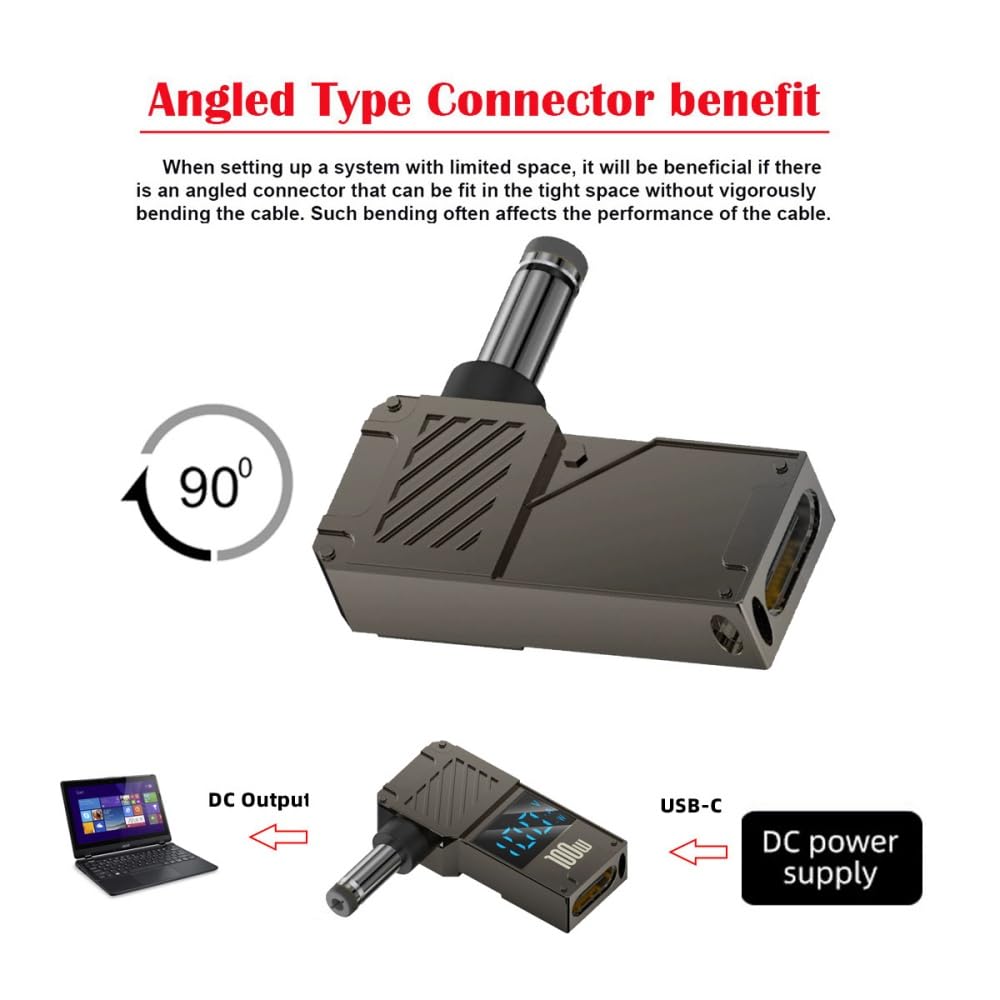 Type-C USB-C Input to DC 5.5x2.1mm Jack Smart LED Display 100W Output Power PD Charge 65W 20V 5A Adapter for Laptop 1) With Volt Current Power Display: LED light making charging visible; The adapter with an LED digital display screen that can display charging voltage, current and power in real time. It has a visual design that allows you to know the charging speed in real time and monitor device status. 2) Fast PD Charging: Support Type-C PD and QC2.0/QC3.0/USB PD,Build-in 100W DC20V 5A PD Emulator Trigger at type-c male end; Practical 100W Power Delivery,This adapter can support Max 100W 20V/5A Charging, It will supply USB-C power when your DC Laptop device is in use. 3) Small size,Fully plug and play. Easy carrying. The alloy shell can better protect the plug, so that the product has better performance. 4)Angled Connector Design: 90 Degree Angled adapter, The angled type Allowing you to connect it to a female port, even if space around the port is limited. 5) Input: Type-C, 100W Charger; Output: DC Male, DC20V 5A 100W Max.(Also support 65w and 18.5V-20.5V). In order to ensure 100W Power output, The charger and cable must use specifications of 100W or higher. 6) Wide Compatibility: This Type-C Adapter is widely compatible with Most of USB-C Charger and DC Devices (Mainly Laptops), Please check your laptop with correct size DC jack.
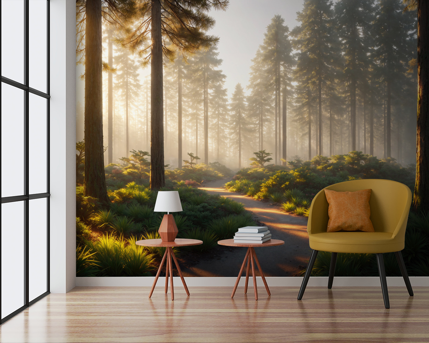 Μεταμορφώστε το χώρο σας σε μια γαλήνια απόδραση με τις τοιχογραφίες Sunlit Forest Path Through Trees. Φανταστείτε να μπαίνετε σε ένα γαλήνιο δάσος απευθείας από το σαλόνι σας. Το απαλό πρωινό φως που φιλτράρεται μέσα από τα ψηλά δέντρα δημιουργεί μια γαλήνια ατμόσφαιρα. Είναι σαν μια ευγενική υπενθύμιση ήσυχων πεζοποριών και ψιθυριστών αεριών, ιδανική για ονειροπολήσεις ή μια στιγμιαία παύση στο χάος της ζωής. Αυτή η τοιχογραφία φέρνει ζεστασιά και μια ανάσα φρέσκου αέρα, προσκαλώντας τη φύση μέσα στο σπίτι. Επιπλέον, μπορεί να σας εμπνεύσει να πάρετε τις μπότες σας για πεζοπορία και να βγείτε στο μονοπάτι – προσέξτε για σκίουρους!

----

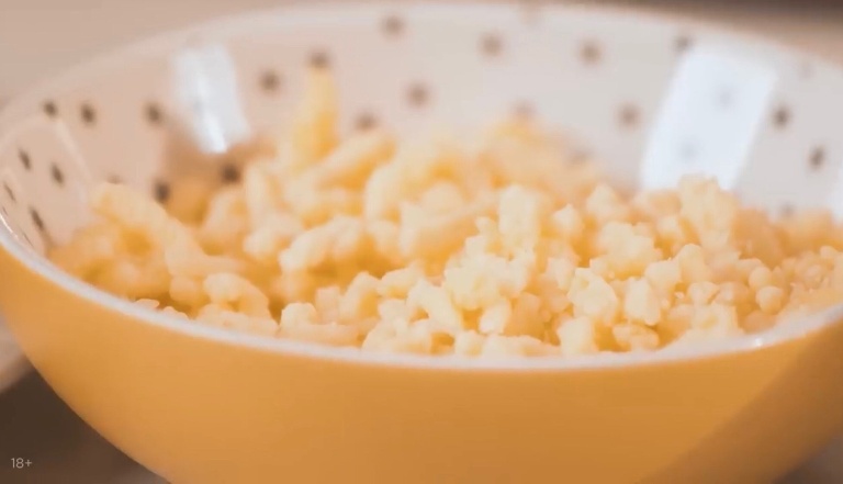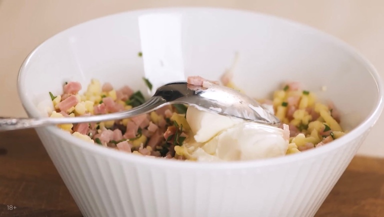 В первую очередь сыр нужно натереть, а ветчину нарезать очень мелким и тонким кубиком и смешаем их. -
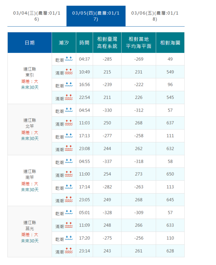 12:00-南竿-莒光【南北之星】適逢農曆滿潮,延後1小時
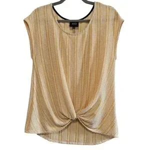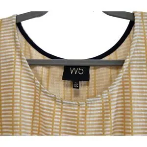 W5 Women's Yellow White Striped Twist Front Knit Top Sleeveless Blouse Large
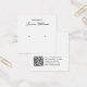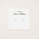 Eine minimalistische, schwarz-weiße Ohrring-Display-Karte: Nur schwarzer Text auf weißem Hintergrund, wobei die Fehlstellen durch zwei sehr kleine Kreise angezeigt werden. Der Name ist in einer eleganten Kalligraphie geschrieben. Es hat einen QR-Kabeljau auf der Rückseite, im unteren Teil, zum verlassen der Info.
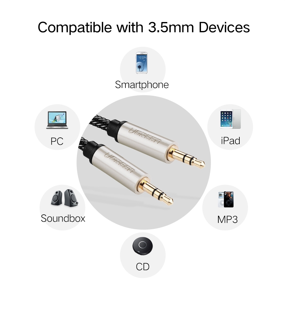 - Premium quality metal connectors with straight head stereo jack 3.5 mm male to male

----

▶ [ABOUT THIS EXERCISE]:
Give back exactly the lines above that run from the one with "В первую очередь" to the one with "- Premium quality", including both, with the pictures left out.

▶ [PROBLEM SOLUTION]:
 В первую очередь сыр нужно натереть, а ветчину нарезать очень мелким и тонким кубиком и смешаем их. -
 12:00-南竿-莒光【南北之星】適逢農曆滿潮,延後1小時
 W5 Women's Yellow White Striped Twist Front Knit Top Sleeveless Blouse Large
 Eine minimalistische, schwarz-weiße Ohrring-Display-Karte: Nur schwarzer Text auf weißem Hintergrund, wobei die Fehlstellen durch zwei sehr kleine Kreise angezeigt werden. Der Name ist in einer eleganten Kalligraphie geschrieben. Es hat einen QR-Kabeljau auf der Rückseite, im unteren Teil, zum verlassen der Info.
 - Premium quality metal connectors with straight head stereo jack 3.5 mm male to male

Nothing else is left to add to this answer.